「僕が里伽子と出会ったのは2年前、高校2年の夏。こんな日だった」。JR中央線吉祥寺駅のホームから物語は始まる。大学1年生の杜崎拓(飛田展男)は電車で羽田空港へ向かい、旅客機で故郷の高知に帰る。
中高一貫の進学校の高校2年生の杜崎は夏休みにアルバイト中の居酒屋で松野豊(関俊彦)から電話を受け、早退して夏休み中の教室で待つ松野に会う。東京から来た転校生の武藤里伽子(坂本洋子)が1階の職員室で説明を受けているところを教室の窓から見下ろす。
杜崎と松野の出会いは更に2年遡る中学3年のとき。校内放送で突然告げられた京都への修学旅行の中止。松野の抗議文を読んだ杜崎はその大人びた考えに尊敬の念を抱いた。
高二の二学期に転校してきた里伽子は体育も勉強もできて目立つ存在だが、クラスに馴染めずにいた。地味でおとなしい小浜裕実(荒木香恵)とクラス委員の松野だけが里伽子を気にかけていた。やがて季節は冬。中高で一本化された修学旅行の行先はハワイ。ホテルのロビーで杜崎は里伽子に「お金貸してくれない?」と突然言われ、アルバイトで稼いだうちから6万円を貸す。
故氷室冴子氏が『月刊アニメージュ』に1990~1992年に連載した原作小説をスタジオジブリが日本テレビ40周年記念作品としてアニメ化し1993年に地上波放送された本作を劇場リバイバル上映で観ました。台詞は八割方土佐弁です。
ヒロイン里伽子が主人公杜埼とその親友松野を心情的にも物理的にも振り回す。里伽子の不安定さは思春期そのものでもあるが、現在だとメンヘラもしくはサイコパス寄りにカテゴライズされそうで、共感できないのがいい。そもそも物語に「共感」を求めすぎる風潮を僕は疑問視しています。自分が経験できない別の人生を想像力を駆使して体験できるのが物語であって、理解できない、共感できない人物と出会えることも物語の醍醐味だと思っています。
宮崎駿が初めて関わらなかったジブリ作品である本作で描かれる思春期の揺れは『耳をすませば』や『猫の恩返し』の源流となり、笑わないヒロイン像はのちに『コクリコ坂から』で結実しました。

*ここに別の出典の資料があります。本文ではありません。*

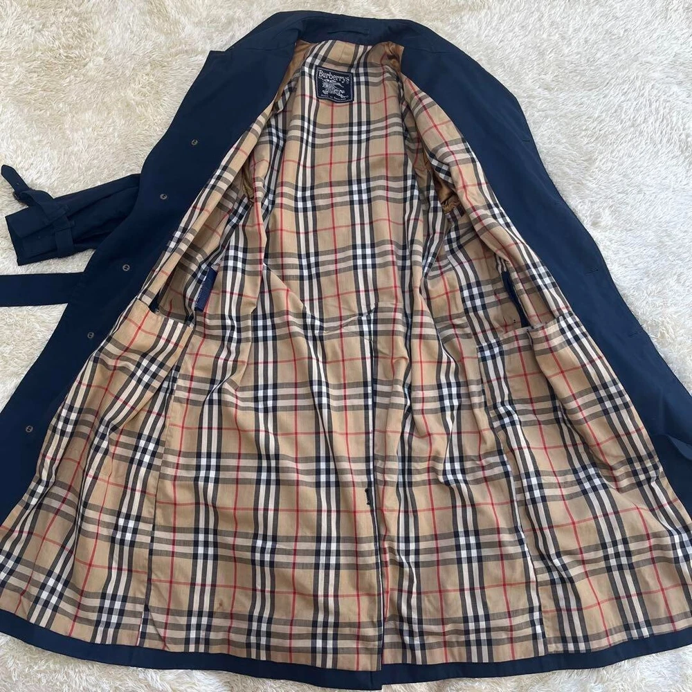 Burberry Nova Check Trench Coat Stencil Collar Coat Navy Long length with belt

作画は流石のジブリクオリティ。緻密で美しく古さをまったく感じさせない一方で、永田茂が手掛けたサウンドトラックのYAMAHA DX-7やFairlight CMI系統のデジタル音による生楽器の模倣の平板さは逆に、『もののけ姫』(1997)以降のジブリ作品の音響の奥行と陰影の深さを再認識させます。
羽田空港からモノレールに乗り浜松町駅でJR山手線に乗り換え新宿駅の小田急線の改札へ。成城学園前駅は線路がまだ地上を走っており、都庁は建ったばかり。吉祥寺駅のホームからTAKA-Qや横書きのオデオン座の看板が見える。往年の吉祥寺を描いた作品を吉祥寺の映画館で鑑賞できて楽しかったです。